SEFACE is a purpose-built rotating disk facility to investigate material damage resulting from turbulent high temperature heavy liquid metal (HT-HLM) flow. In this study, we conducted a large eddy simulation (LES) to analyze the turbulence dynamics near the rotating disc, which operates in a Reynolds number range of 1 to 10 millions. We employed the algebraic approach proposed by (Shur et al, 2008) from the wall-modeled Large Eddy Simulation (WMLES) capability in ANSYS FLUENT 21.0R2 to simulate the test chamber at the SEFACE facility. To validate our time-averaged boundary layer flow solution, we compared it with the established boundary layer profile in the viscous sublayer and logarithmic region.
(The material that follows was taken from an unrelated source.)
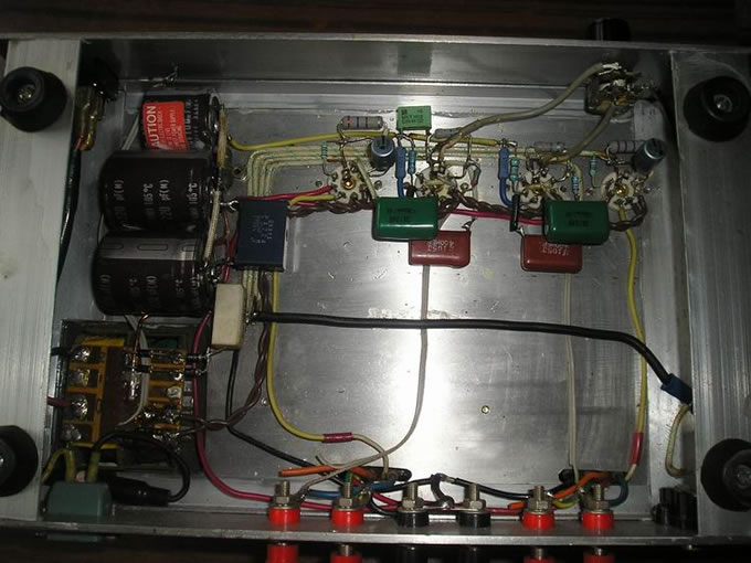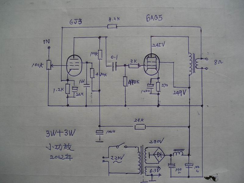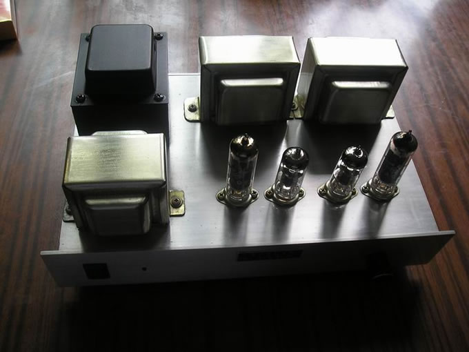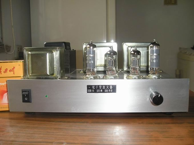 这是几年前制作的全部采用小七脚胆的小功放,功率胆为美国产6AQ5 ,电压放大为6J3 ,电源牛容量40伏安,两只输出牛用25W线间变压器的铁心精心绕制 ,机座由几块铝板拼装后,再用细纱蘸水直线打磨,颇具拉丝纹的感觉,扼流圈和输出牛罩也是水沙细磨,最后喷上透明漆.这样看着也挺美观. 功率胆6AQ5也是比较少见的,个头和6K4差不多,十分小巧漂亮,国产收音机里只有远程牌九灯转播机,和TY--50B型40W扩音机里才可见到它的踪影. 另一个角度 机内布局 电原理参考图 在此鸣谢suhui弟无偿赠送两对日本产6AQ5 ,图中左起1,2为6AQ5 , 第3是6P1作个头比较 ,4是不久前不慎碰坏的一颗美产6AQ5 (责任编辑:admin) |

Furthermore, we explore the flow structure within the asymmetric test chamber, taking into account the influence of turbulence jets on the flow pattern. Although recirculation and turbulent jets had a minor impact on the mean flow properties near the rotating disk, we observed persistent fluctuations at higher y+ values. Note that these fluctuations may also be influenced by the substantial Reynolds number in our analysis. Furthermore, we identified the presence of adverse pressure gradient (APG) boundary layer characteristics in rotating disk flows, emphasizing the need for consideration when applying an appropriate algebraic wall model. However, deviations were negligible at lower y+ values, suggesting near-wall behavior similar to that of the boudnary layer flow without APG. This implies that a non-APG wall model may still be suitable for engineering evaluations. Lastly, we discovered interconnected wall shear stress streaks in scenarios with smaller compartments, possibly due to the gap effect. These flow statistics related to wall shear stress will prove valuable in the interpretation of experimental results in the future.